Enhancing Security and Energy Efficiency of Cyber-Physical Systems using Deep Reinforcement Learning
Bibliographic record
Abstract
In the era of Industry 4.0, achieving both energy efficiency and robust security in Cyber-Physical Systems (CPSs) presents a significant challenge because of the resource requirements and complexity of these systems. This paper presents a novel method to integrate energy efficiency and robust security measures in CPSs. We propose the integration of anomaly detection techniques into the CPSs, to facilitate self-adaptation to changing conditions and threats, thereby enhancing system flexibility and reliability while also optimizing energy consumption.
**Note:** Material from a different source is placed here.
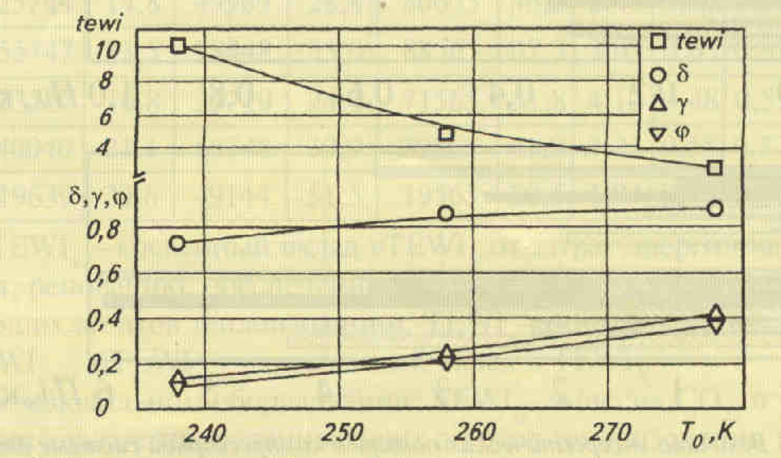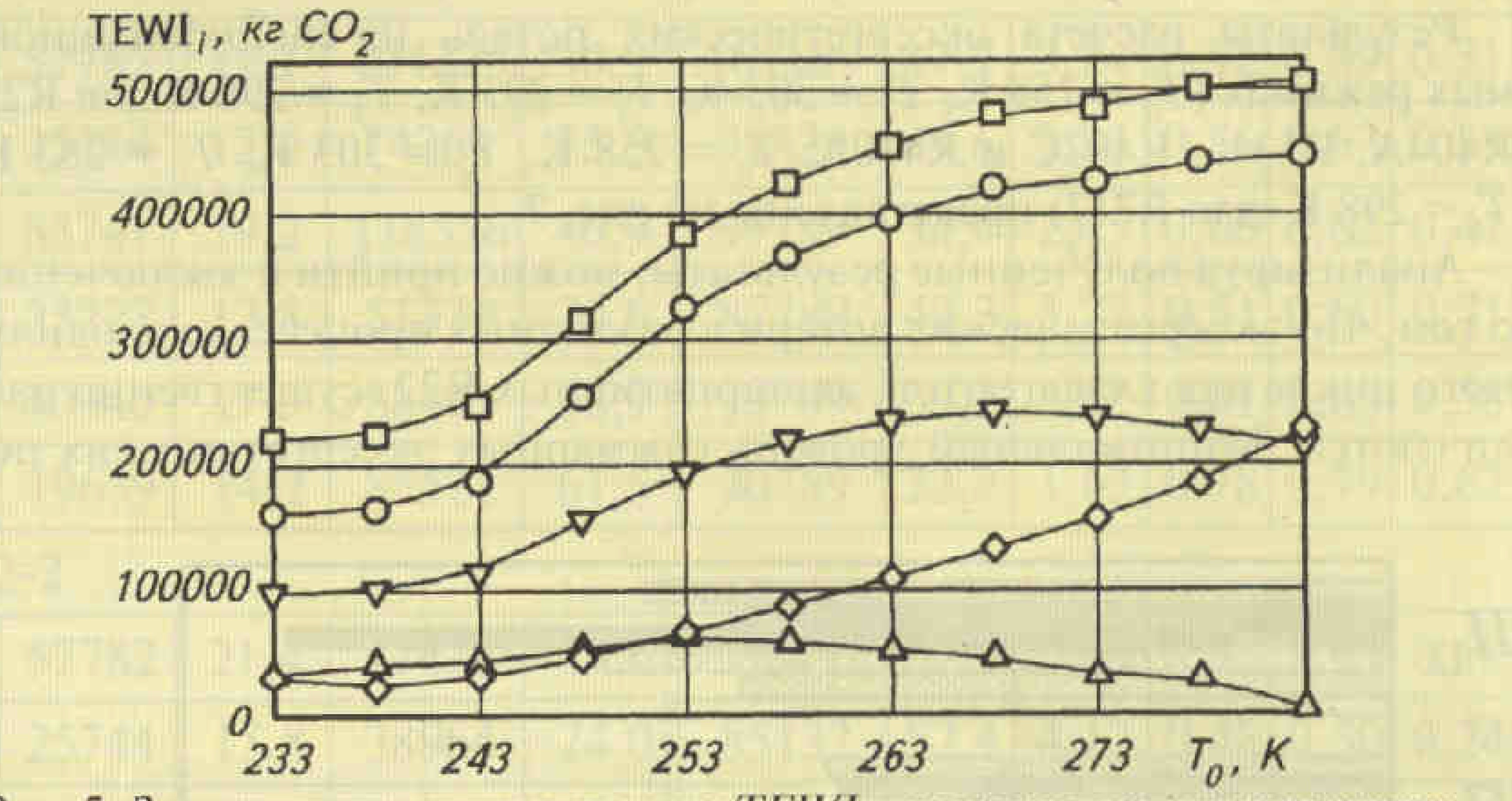 Рис. 5. Зависимость составляющих TEWI* потоков от температуры кипения для компрессорной системы при работе на R22: □ — TEWI*, полный эквивалент глобального потепления; о TEWip, эмиссия СО, от рационально использованной на производство холода энергии; Д - Д TEWi , косвенный вклад в TEWiN от внутренней необратимости процессов в холодильном цикле; V — ATEW, косвенный вклад в TEWI v от внешней необратимости процессов в холодильном цикле; 0 - TEWQ, эмиссия СО, от части энергии, преобразованной в холод

Our approach enhances the flexibility and reliability of CPSs by integrating Deep Reinforcement Learning (DRL) into the MAPE-K (Monitor-Analyze-Plan-Execute with Knowledge) control loop. This integration not only streamlines anomaly detection but also optimizes energy consumption, ensuring efficient and effective management of critical system functions. The outcome is a marked improvement in the adaptive decision-making capabilities of CPSs, leading to heightened security and better energy efficiency across various sectors and applications. This study significantly advances sustainable industrial practices within the Industry 4.0 paradigm, emphasizing the development of CPSs that excel in both energy efficiency and robust security.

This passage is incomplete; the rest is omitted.